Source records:
++++
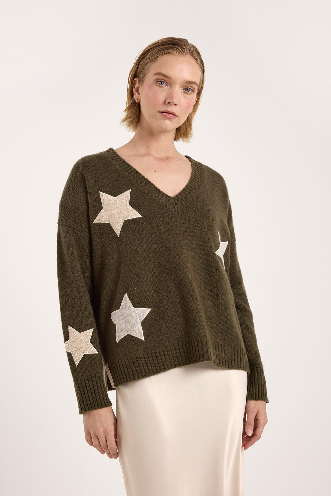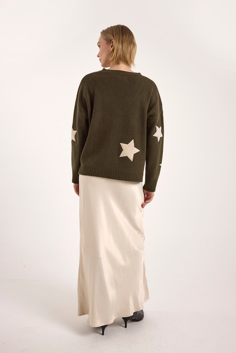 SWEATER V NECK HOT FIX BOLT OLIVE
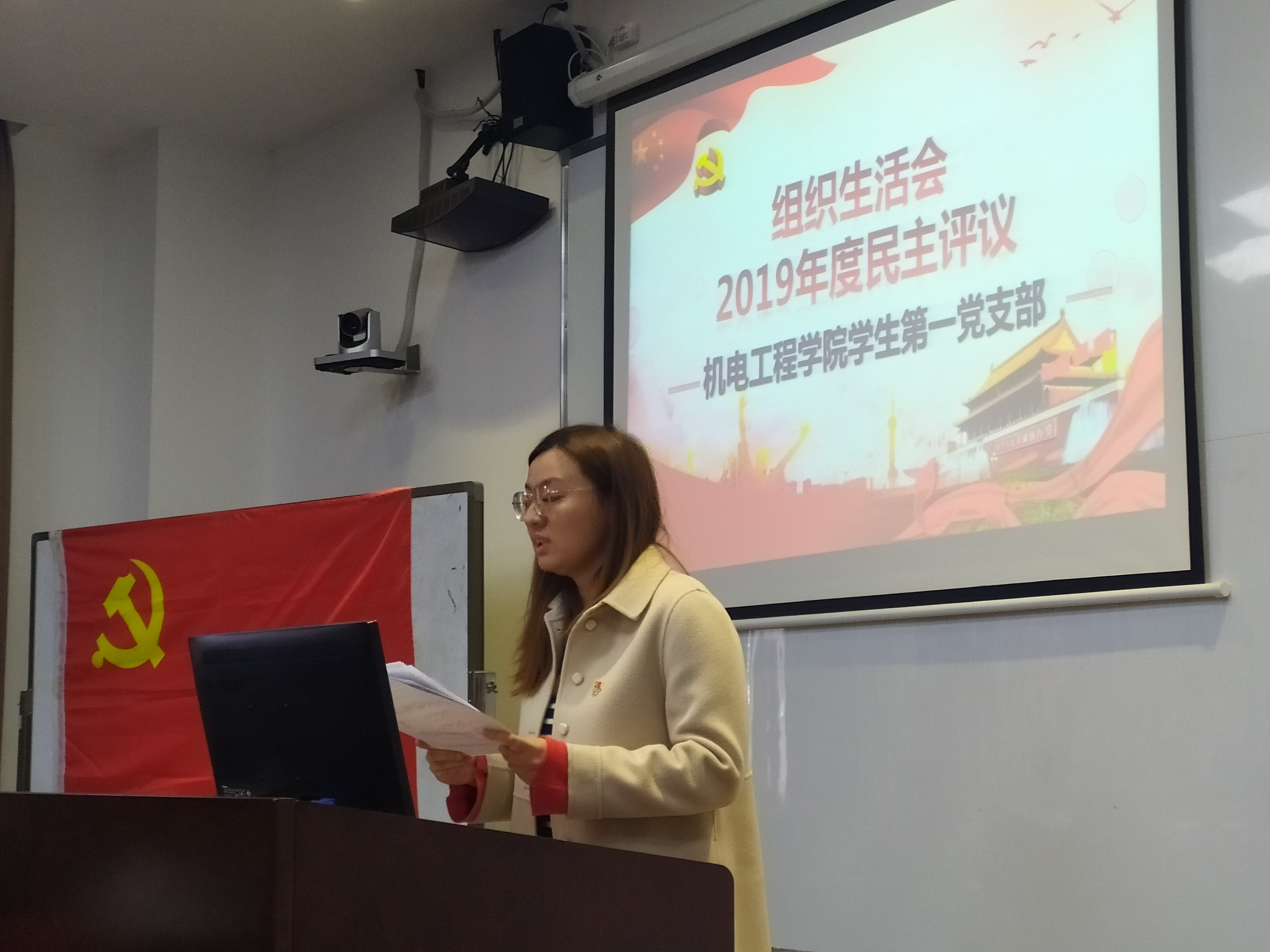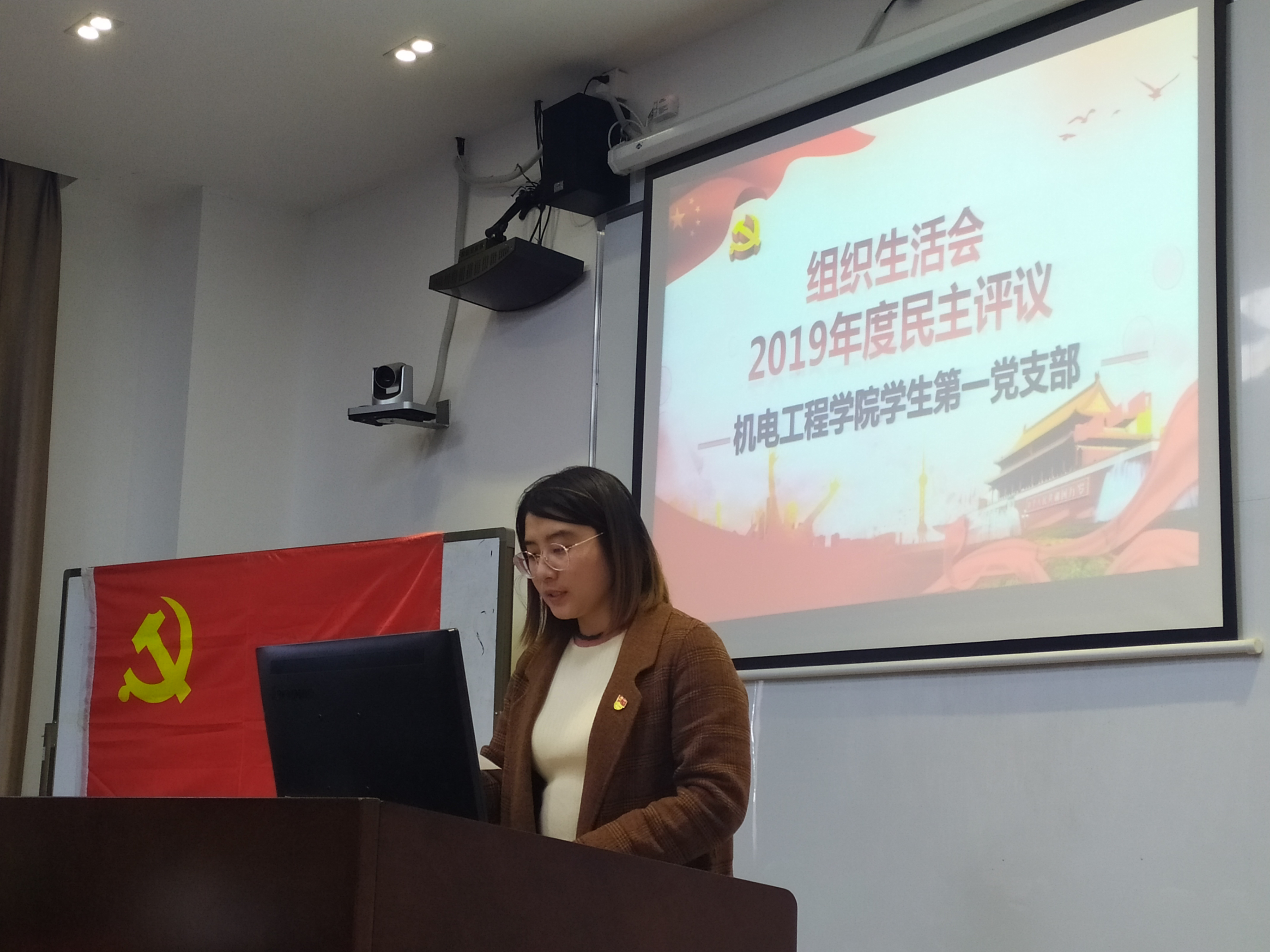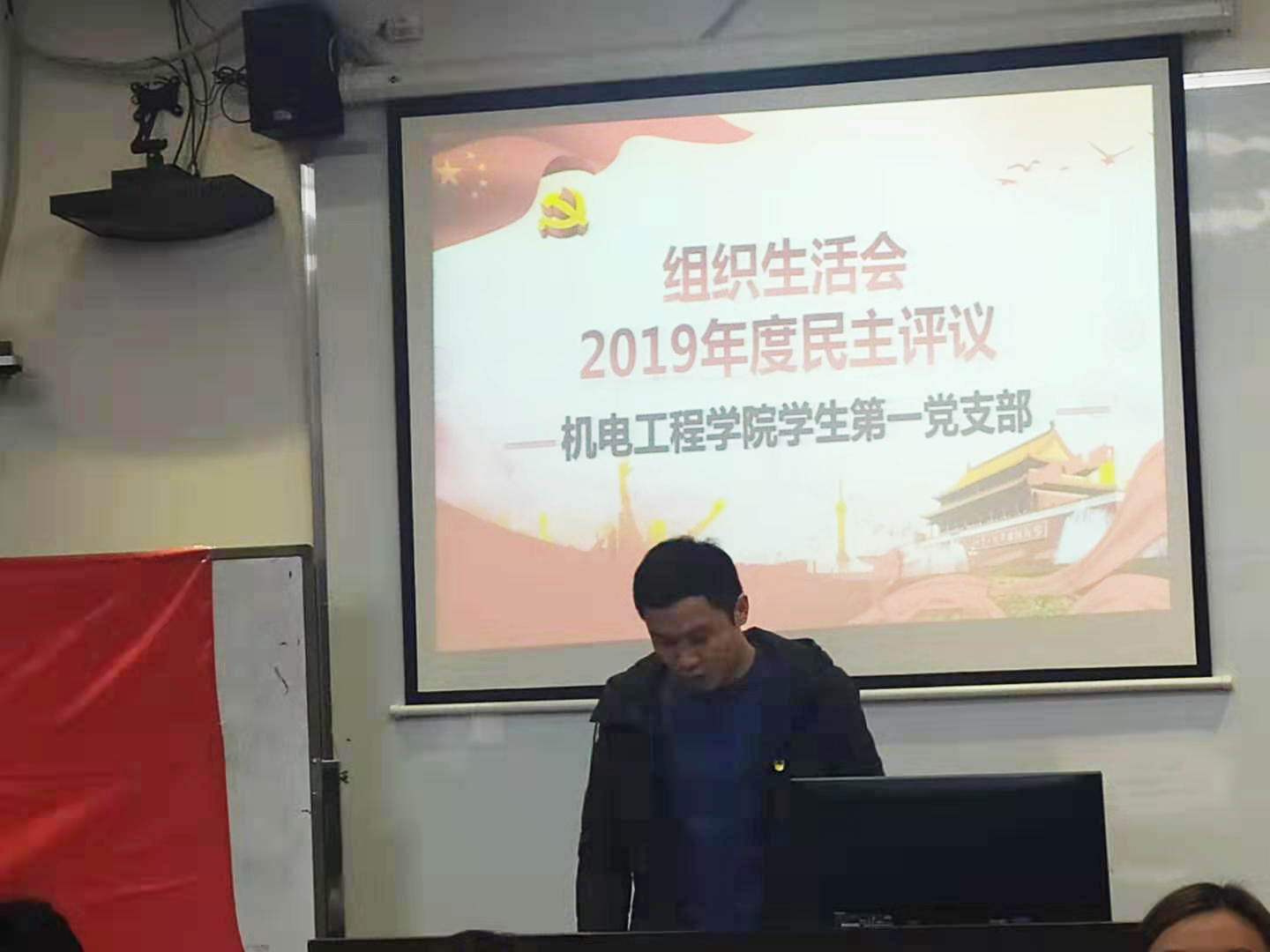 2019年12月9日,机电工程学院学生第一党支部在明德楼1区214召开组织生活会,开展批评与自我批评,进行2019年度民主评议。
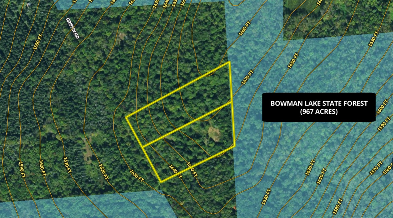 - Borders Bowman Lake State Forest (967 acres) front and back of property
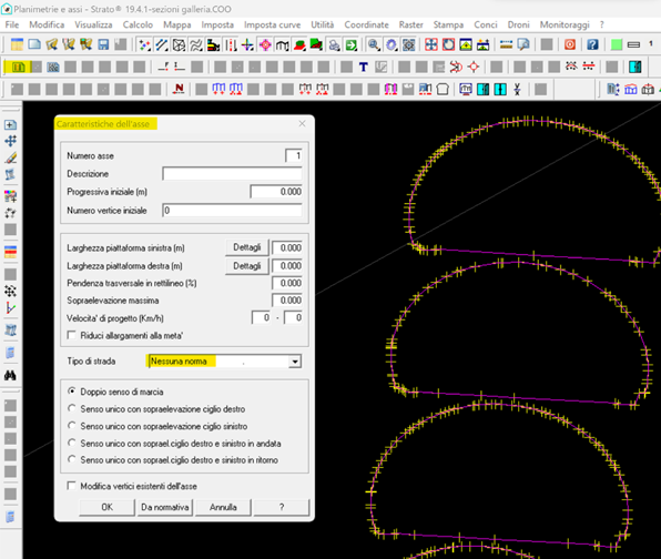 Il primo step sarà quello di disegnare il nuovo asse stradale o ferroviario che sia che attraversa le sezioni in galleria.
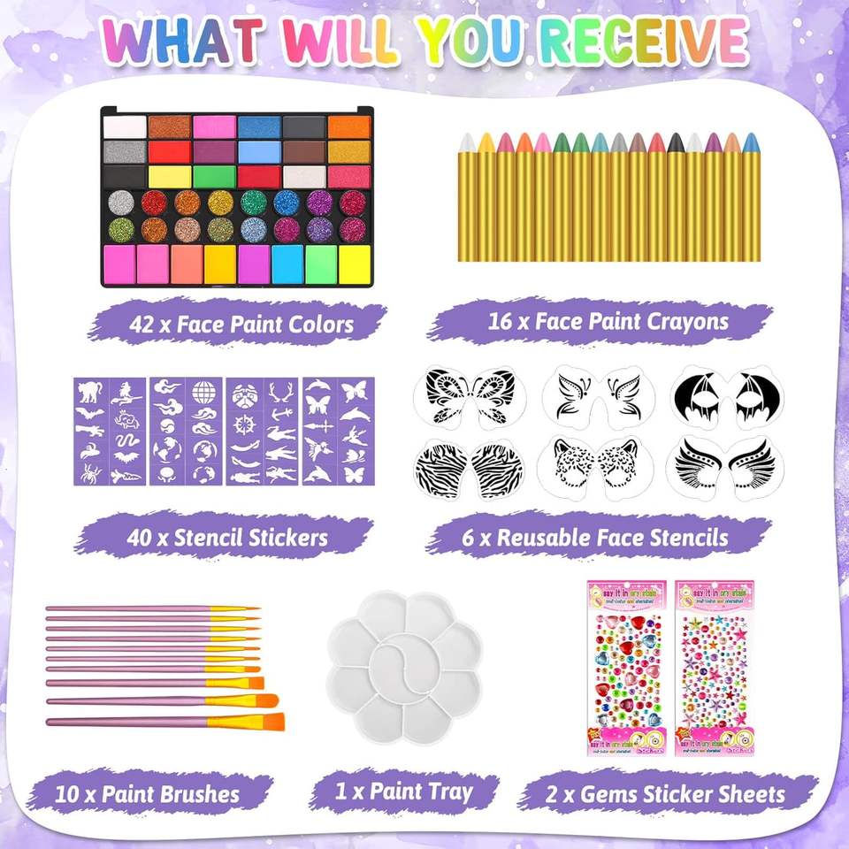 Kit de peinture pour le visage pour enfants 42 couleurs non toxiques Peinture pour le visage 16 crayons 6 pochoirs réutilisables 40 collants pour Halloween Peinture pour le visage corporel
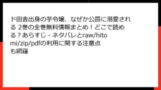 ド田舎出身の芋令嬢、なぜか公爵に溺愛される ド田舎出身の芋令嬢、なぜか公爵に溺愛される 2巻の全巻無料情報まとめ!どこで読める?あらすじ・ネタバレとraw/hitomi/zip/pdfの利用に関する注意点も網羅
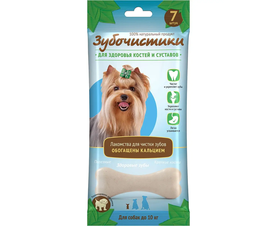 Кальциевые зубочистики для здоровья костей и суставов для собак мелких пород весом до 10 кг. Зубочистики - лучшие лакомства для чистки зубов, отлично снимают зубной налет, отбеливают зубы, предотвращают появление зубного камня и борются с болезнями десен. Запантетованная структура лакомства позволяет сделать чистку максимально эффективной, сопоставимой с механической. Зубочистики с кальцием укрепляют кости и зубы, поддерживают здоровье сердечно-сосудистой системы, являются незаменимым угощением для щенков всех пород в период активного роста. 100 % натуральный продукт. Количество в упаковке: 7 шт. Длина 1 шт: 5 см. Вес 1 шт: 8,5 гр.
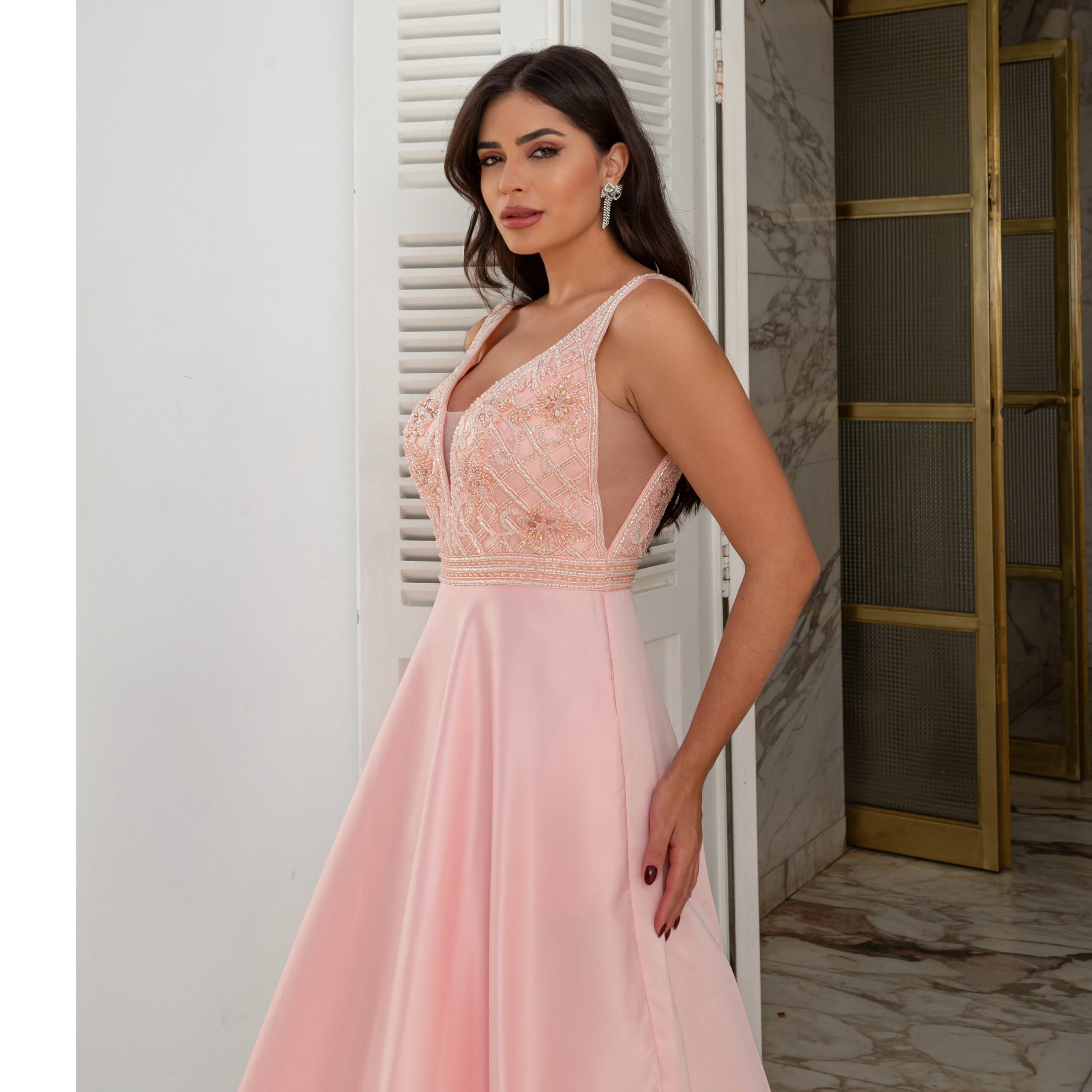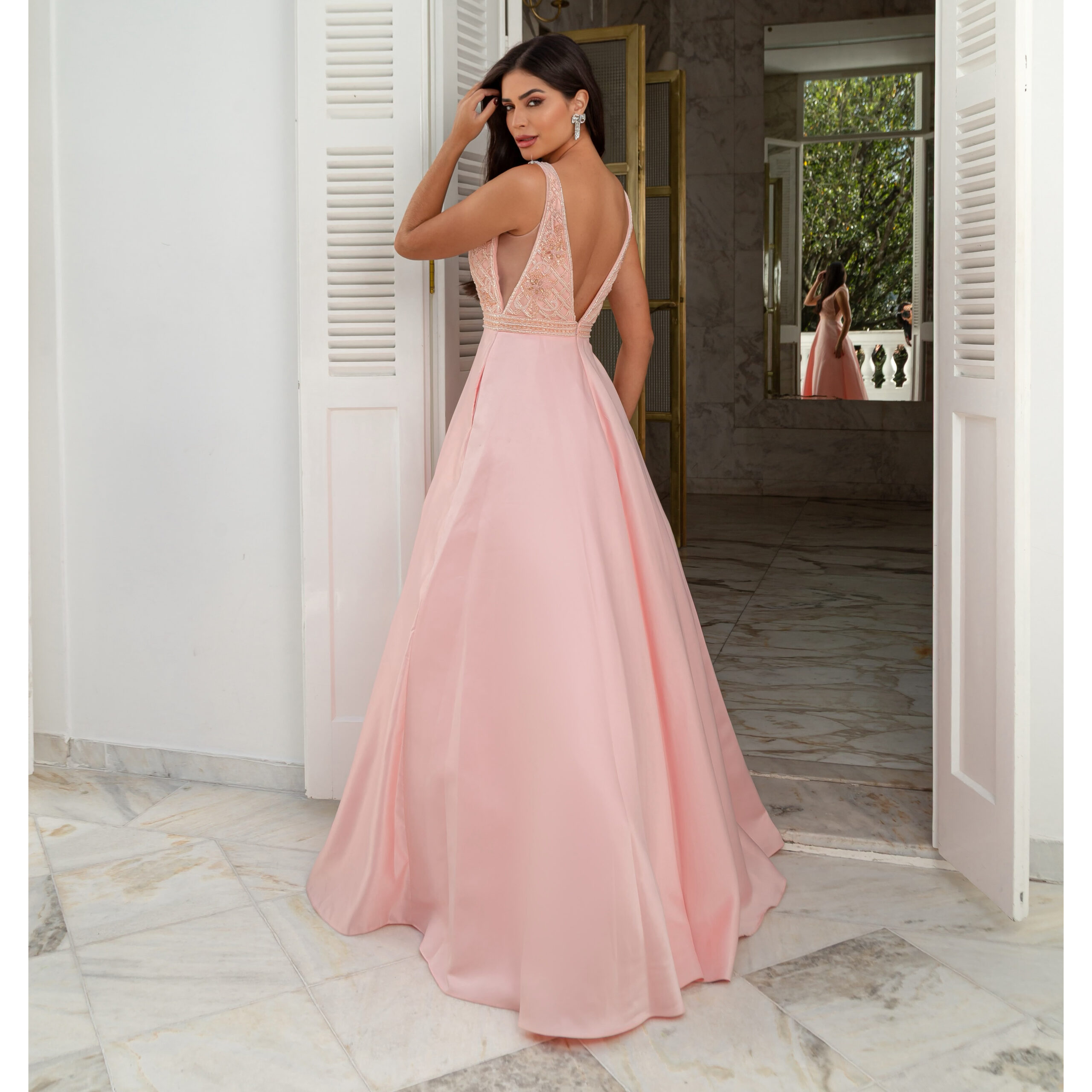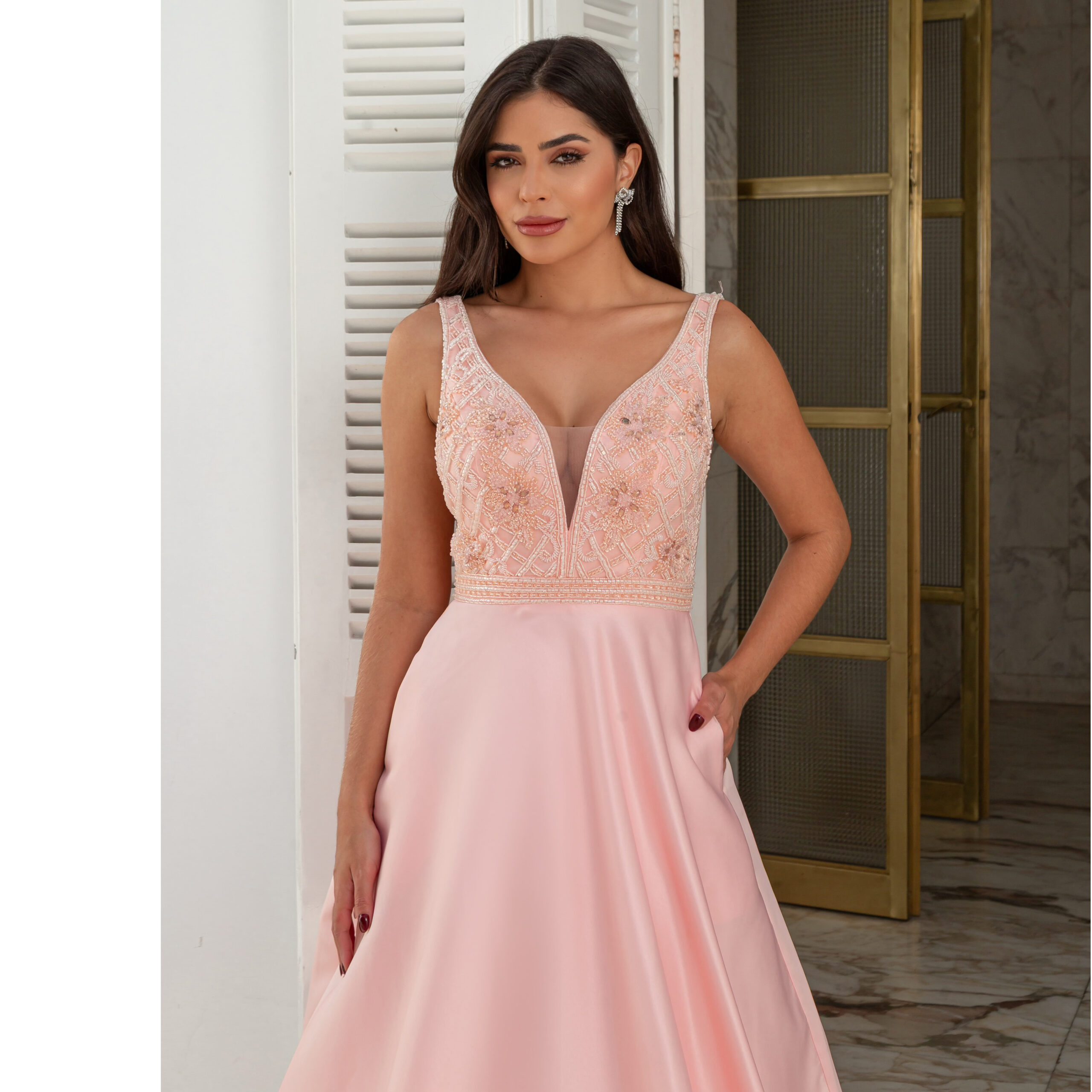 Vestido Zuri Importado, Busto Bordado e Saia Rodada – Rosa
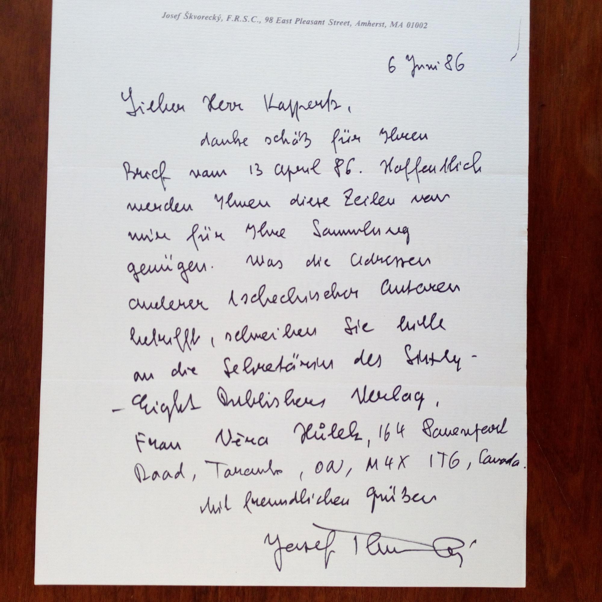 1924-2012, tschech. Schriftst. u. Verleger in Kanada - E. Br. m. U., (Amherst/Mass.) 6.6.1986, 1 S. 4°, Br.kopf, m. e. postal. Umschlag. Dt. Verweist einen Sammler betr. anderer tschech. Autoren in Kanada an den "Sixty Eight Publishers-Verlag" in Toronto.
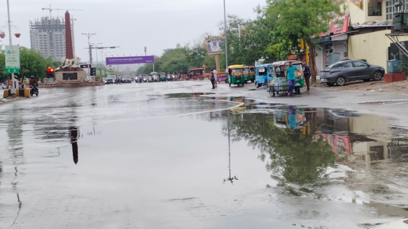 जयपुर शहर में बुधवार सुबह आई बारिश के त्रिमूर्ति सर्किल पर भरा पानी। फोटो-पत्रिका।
++++
Please give the data again in full, exactly as written, but without any images.

▶ **YOUR RESPONSE**:
 SWEATER V NECK HOT FIX BOLT OLIVE
 2019年12月9日,机电工程学院学生第一党支部在明德楼1区214召开组织生活会,开展批评与自我批评,进行2019年度民主评议。
 - Borders Bowman Lake State Forest (967 acres) front and back of property
 Il primo step sarà quello di disegnare il nuovo asse stradale o ferroviario che sia che attraversa le sezioni in galleria.
 Kit de peinture pour le visage pour enfants 42 couleurs non toxiques Peinture pour le visage 16 crayons 6 pochoirs réutilisables 40 collants pour Halloween Peinture pour le visage corporel
 ド田舎出身の芋令嬢、なぜか公爵に溺愛される ド田舎出身の芋令嬢、なぜか公爵に溺愛される 2巻の全巻無料情報まとめ!どこで読める?あらすじ・ネタバレとraw/hitomi/zip/pdfの利用に関する注意点も網羅
 Кальциевые зубочистики для здоровья костей и суставов для собак мелких пород весом до 10 кг. Зубочистики - лучшие лакомства для чистки зубов, отлично снимают зубной налет, отбеливают зубы, предотвращают появление зубного камня и борются с болезнями десен. Запантетованная структура лакомства позволяет сделать чистку максимально эффективной, сопоставимой с механической. Зубочистики с кальцием укрепляют кости и зубы, поддерживают здоровье сердечно-сосудистой системы, являются незаменимым угощением для щенков всех пород в период активного роста. 100 % натуральный продукт. Количество в упаковке: 7 шт. Длина 1 шт: 5 см. Вес 1 шт: 8,5 гр.
 Vestido Zuri Importado, Busto Bordado e Saia Rodada – Rosa
 1924-2012, tschech. Schriftst. u. Verleger in Kanada - E. Br. m. U., (Amherst/Mass.) 6.6.1986, 1 S. 4°, Br.kopf, m. e. postal. Umschlag. Dt. Verweist einen Sammler betr. anderer tschech. Autoren in Kanada an den "Sixty Eight Publishers-Verlag" in Toronto.
 जयपुर शहर में बुधवार सुबह आई बारिश के त्रिमूर्ति सर्किल पर भरा पानी। फोटो-पत्रिका।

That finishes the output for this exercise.